Task instructions:
Each entry must be given again exactly as it appears, with images excluded.

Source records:
════════

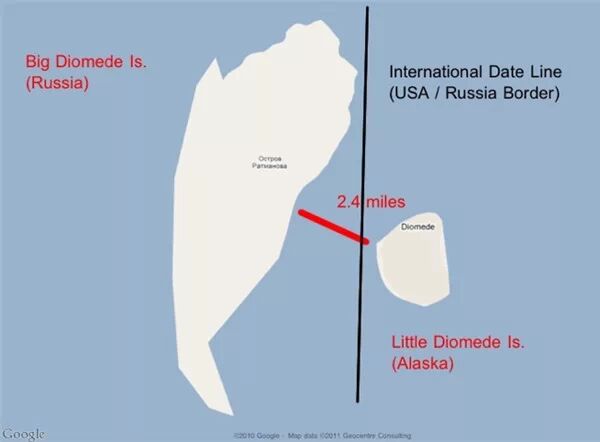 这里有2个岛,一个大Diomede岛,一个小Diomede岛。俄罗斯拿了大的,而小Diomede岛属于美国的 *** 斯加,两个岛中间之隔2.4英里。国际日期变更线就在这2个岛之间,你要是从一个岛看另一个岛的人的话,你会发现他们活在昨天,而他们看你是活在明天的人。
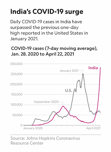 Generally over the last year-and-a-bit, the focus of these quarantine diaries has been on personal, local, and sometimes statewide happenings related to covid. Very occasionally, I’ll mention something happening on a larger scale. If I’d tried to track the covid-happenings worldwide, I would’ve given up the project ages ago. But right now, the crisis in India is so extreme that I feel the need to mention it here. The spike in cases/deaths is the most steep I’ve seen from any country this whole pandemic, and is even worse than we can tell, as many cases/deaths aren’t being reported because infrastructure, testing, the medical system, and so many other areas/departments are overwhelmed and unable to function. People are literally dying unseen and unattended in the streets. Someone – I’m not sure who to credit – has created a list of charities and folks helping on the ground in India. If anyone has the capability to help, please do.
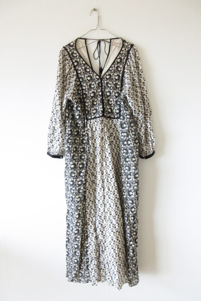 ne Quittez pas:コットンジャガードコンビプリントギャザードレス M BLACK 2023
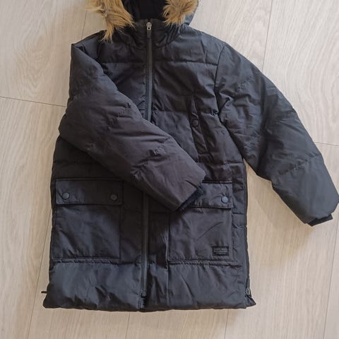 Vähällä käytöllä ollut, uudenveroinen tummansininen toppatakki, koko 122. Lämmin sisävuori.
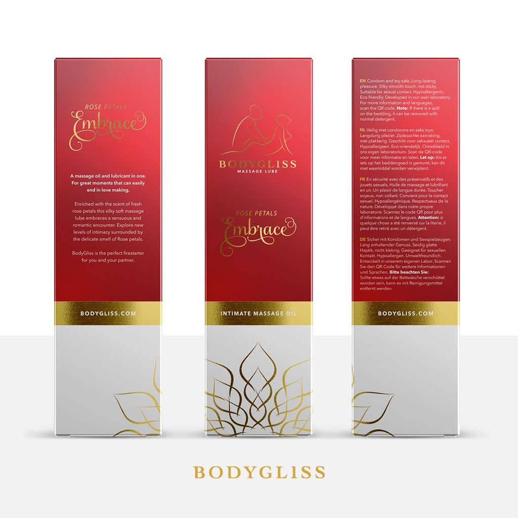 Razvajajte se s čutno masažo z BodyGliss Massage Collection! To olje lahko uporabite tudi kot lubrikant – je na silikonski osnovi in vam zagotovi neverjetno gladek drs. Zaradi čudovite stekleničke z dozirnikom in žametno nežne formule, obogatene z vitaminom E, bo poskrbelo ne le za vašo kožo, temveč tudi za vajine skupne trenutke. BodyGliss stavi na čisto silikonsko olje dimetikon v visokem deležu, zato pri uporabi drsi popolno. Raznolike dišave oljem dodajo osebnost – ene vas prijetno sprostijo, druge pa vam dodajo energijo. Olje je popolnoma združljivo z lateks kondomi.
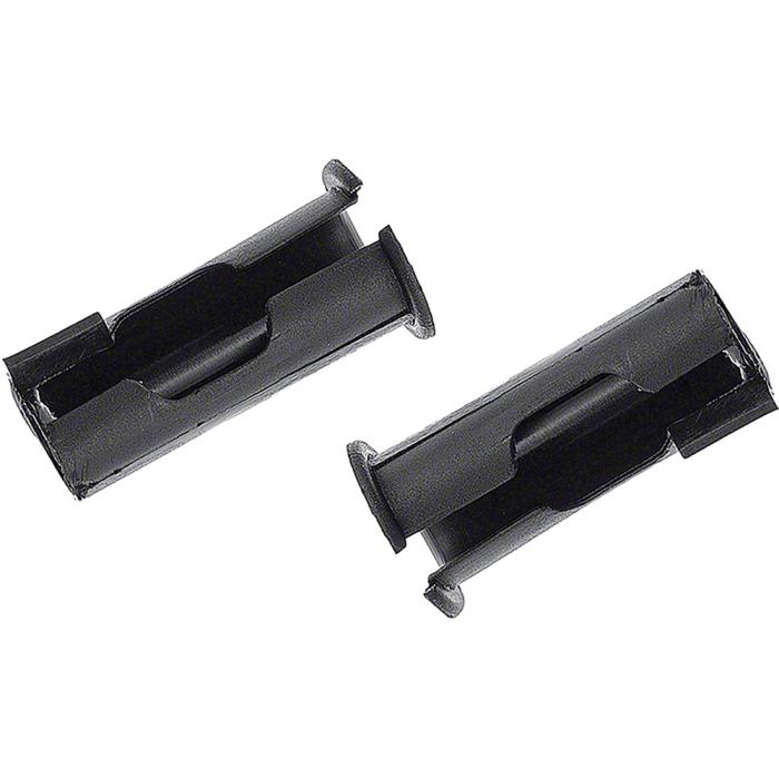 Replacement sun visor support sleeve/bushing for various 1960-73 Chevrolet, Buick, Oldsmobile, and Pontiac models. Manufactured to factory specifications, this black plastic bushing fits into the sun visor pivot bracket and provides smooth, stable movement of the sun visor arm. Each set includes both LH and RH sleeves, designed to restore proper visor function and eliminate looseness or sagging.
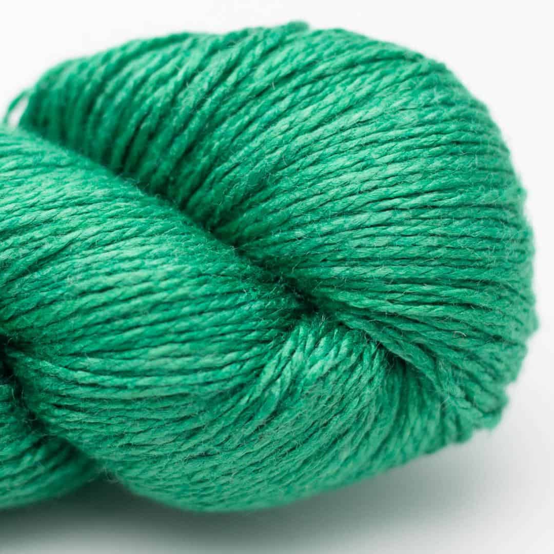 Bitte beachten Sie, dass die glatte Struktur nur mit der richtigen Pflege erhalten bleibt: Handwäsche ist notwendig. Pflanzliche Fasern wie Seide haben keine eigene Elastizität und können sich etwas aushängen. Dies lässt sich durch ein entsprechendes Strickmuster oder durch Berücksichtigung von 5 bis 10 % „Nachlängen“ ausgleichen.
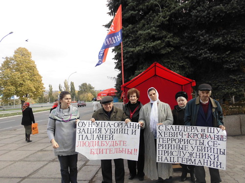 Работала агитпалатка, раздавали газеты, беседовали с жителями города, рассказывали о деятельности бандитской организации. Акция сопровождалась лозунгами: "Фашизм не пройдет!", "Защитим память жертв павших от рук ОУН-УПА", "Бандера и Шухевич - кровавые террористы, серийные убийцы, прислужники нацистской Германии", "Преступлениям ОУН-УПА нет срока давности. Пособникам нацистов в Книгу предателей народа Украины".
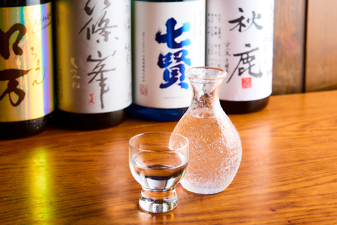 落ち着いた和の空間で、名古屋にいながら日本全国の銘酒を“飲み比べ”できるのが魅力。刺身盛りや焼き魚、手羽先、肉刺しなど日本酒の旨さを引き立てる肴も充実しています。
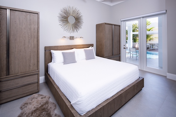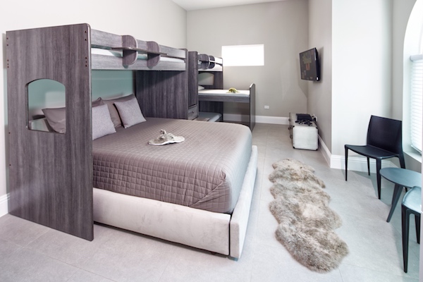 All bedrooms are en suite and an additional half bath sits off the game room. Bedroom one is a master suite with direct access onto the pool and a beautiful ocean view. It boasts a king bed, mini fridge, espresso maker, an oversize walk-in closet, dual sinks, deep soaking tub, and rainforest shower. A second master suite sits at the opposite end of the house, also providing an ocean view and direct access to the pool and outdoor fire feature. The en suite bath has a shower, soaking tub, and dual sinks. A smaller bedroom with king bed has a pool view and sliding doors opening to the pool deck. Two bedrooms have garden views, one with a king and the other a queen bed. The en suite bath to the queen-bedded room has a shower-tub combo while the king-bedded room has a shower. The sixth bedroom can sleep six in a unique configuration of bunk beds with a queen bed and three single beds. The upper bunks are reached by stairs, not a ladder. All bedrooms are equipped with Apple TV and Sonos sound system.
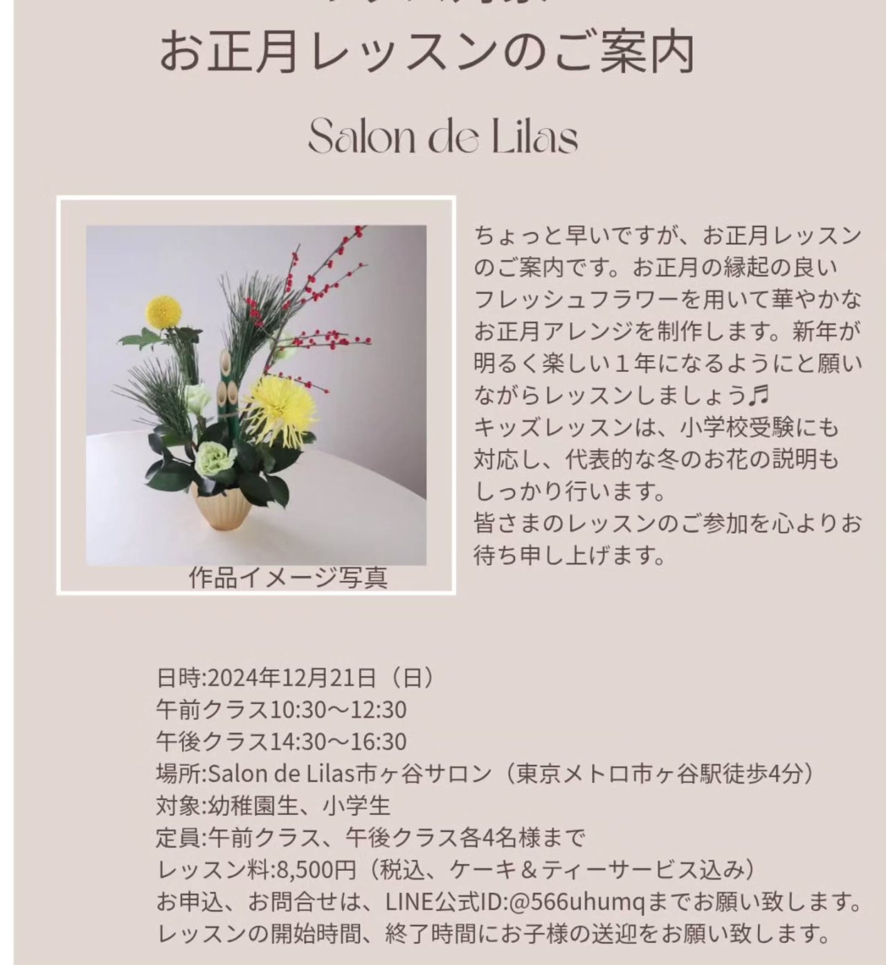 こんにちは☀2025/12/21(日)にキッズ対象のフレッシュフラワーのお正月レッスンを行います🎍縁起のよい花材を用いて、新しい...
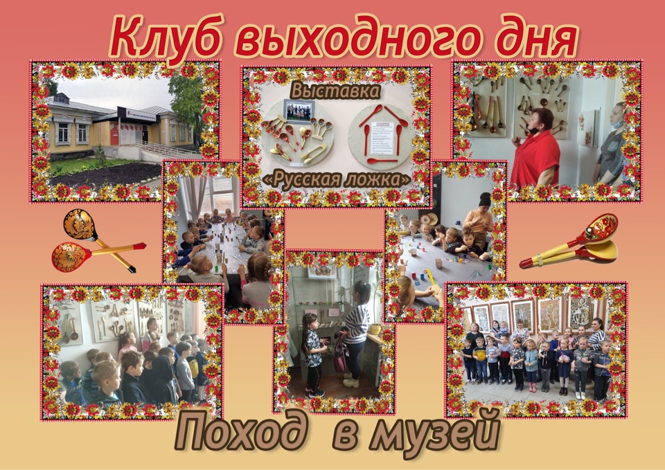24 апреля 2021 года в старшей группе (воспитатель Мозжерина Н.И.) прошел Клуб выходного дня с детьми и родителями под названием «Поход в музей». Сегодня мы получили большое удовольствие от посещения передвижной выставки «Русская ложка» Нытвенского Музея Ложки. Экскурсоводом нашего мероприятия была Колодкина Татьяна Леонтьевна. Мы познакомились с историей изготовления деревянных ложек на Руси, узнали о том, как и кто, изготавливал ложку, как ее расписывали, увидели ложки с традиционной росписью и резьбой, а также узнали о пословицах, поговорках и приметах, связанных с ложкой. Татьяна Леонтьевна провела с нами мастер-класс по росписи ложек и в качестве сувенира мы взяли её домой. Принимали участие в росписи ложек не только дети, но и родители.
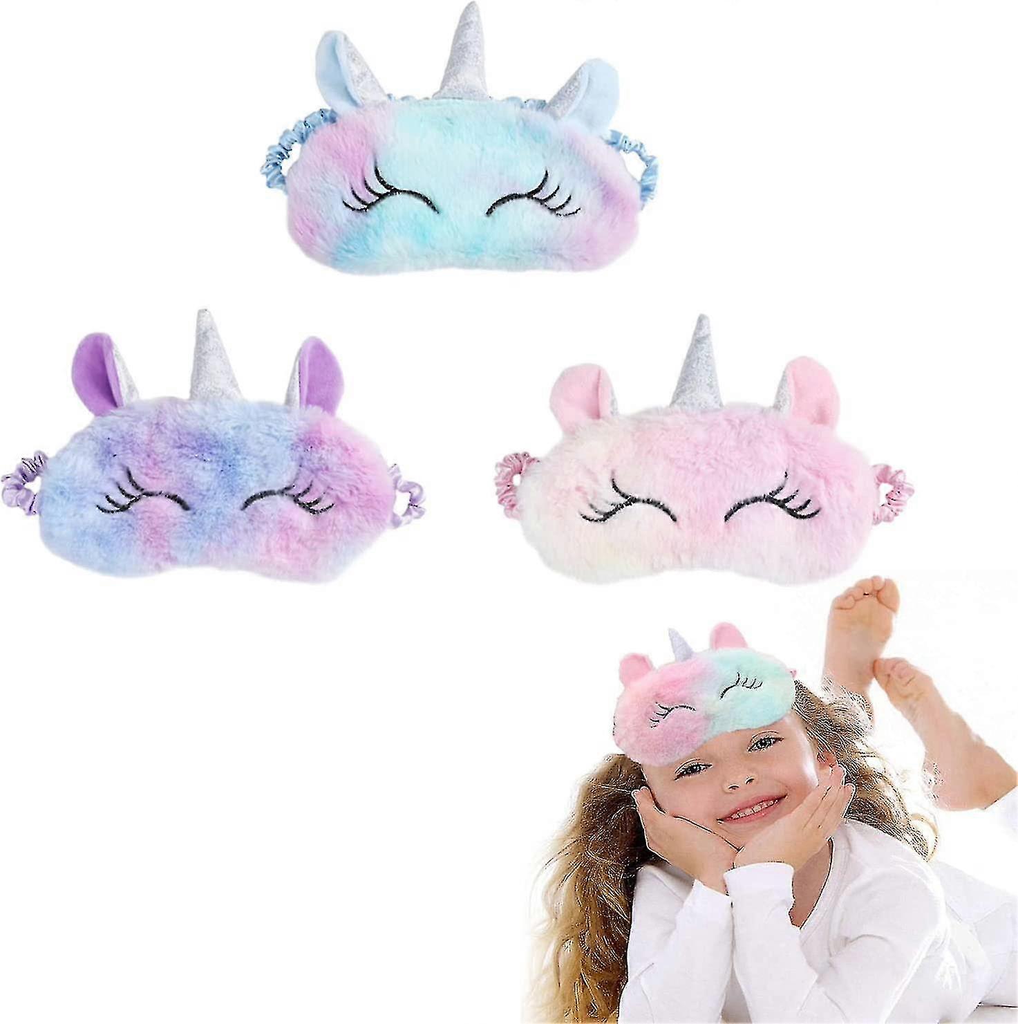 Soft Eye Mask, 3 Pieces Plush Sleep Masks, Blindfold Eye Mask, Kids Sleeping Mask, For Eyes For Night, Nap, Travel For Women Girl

════════

Solution for this exercise:
 这里有2个岛,一个大Diomede岛,一个小Diomede岛。俄罗斯拿了大的,而小Diomede岛属于美国的 *** 斯加,两个岛中间之隔2.4英里。国际日期变更线就在这2个岛之间,你要是从一个岛看另一个岛的人的话,你会发现他们活在昨天,而他们看你是活在明天的人。
 Generally over the last year-and-a-bit, the focus of these quarantine diaries has been on personal, local, and sometimes statewide happenings related to covid. Very occasionally, I’ll mention something happening on a larger scale. If I’d tried to track the covid-happenings worldwide, I would’ve given up the project ages ago. But right now, the crisis in India is so extreme that I feel the need to mention it here. The spike in cases/deaths is the most steep I’ve seen from any country this whole pandemic, and is even worse than we can tell, as many cases/deaths aren’t being reported because infrastructure, testing, the medical system, and so many other areas/departments are overwhelmed and unable to function. People are literally dying unseen and unattended in the streets. Someone – I’m not sure who to credit – has created a list of charities and folks helping on the ground in India. If anyone has the capability to help, please do.
 ne Quittez pas:コットンジャガードコンビプリントギャザードレス M BLACK 2023
 Vähällä käytöllä ollut, uudenveroinen tummansininen toppatakki, koko 122. Lämmin sisävuori.
 Razvajajte se s čutno masažo z BodyGliss Massage Collection! To olje lahko uporabite tudi kot lubrikant – je na silikonski osnovi in vam zagotovi neverjetno gladek drs. Zaradi čudovite stekleničke z dozirnikom in žametno nežne formule, obogatene z vitaminom E, bo poskrbelo ne le za vašo kožo, temveč tudi za vajine skupne trenutke. BodyGliss stavi na čisto silikonsko olje dimetikon v visokem deležu, zato pri uporabi drsi popolno. Raznolike dišave oljem dodajo osebnost – ene vas prijetno sprostijo, druge pa vam dodajo energijo. Olje je popolnoma združljivo z lateks kondomi.
 Replacement sun visor support sleeve/bushing for various 1960-73 Chevrolet, Buick, Oldsmobile, and Pontiac models. Manufactured to factory specifications, this black plastic bushing fits into the sun visor pivot bracket and provides smooth, stable movement of the sun visor arm. Each set includes both LH and RH sleeves, designed to restore proper visor function and eliminate looseness or sagging.
 Bitte beachten Sie, dass die glatte Struktur nur mit der richtigen Pflege erhalten bleibt: Handwäsche ist notwendig. Pflanzliche Fasern wie Seide haben keine eigene Elastizität und können sich etwas aushängen. Dies lässt sich durch ein entsprechendes Strickmuster oder durch Berücksichtigung von 5 bis 10 % „Nachlängen“ ausgleichen.
 Работала агитпалатка, раздавали газеты, беседовали с жителями города, рассказывали о деятельности бандитской организации. Акция сопровождалась лозунгами: "Фашизм не пройдет!", "Защитим память жертв павших от рук ОУН-УПА", "Бандера и Шухевич - кровавые террористы, серийные убийцы, прислужники нацистской Германии", "Преступлениям ОУН-УПА нет срока давности. Пособникам нацистов в Книгу предателей народа Украины".
 落ち着いた和の空間で、名古屋にいながら日本全国の銘酒を“飲み比べ”できるのが魅力。刺身盛りや焼き魚、手羽先、肉刺しなど日本酒の旨さを引き立てる肴も充実しています。
 All bedrooms are en suite and an additional half bath sits off the game room. Bedroom one is a master suite with direct access onto the pool and a beautiful ocean view. It boasts a king bed, mini fridge, espresso maker, an oversize walk-in closet, dual sinks, deep soaking tub, and rainforest shower. A second master suite sits at the opposite end of the house, also providing an ocean view and direct access to the pool and outdoor fire feature. The en suite bath has a shower, soaking tub, and dual sinks. A smaller bedroom with king bed has a pool view and sliding doors opening to the pool deck. Two bedrooms have garden views, one with a king and the other a queen bed. The en suite bath to the queen-bedded room has a shower-tub combo while the king-bedded room has a shower. The sixth bedroom can sleep six in a unique configuration of bunk beds with a queen bed and three single beds. The upper bunks are reached by stairs, not a ladder. All bedrooms are equipped with Apple TV and Sonos sound system.
 こんにちは☀2025/12/21(日)にキッズ対象のフレッシュフラワーのお正月レッスンを行います🎍縁起のよい花材を用いて、新しい...
24 апреля 2021 года в старшей группе (воспитатель Мозжерина Н.И.) прошел Клуб выходного дня с детьми и родителями под названием «Поход в музей». Сегодня мы получили большое удовольствие от посещения передвижной выставки «Русская ложка» Нытвенского Музея Ложки. Экскурсоводом нашего мероприятия была Колодкина Татьяна Леонтьевна. Мы познакомились с историей изготовления деревянных ложек на Руси, узнали о том, как и кто, изготавливал ложку, как ее расписывали, увидели ложки с традиционной росписью и резьбой, а также узнали о пословицах, поговорках и приметах, связанных с ложкой. Татьяна Леонтьевна провела с нами мастер-класс по росписи ложек и в качестве сувенира мы взяли её домой. Принимали участие в росписи ложек не только дети, но и родители.
 Soft Eye Mask, 3 Pieces Plush Sleep Masks, Blindfold Eye Mask, Kids Sleeping Mask, For Eyes For Night, Nap, Travel For Women Girl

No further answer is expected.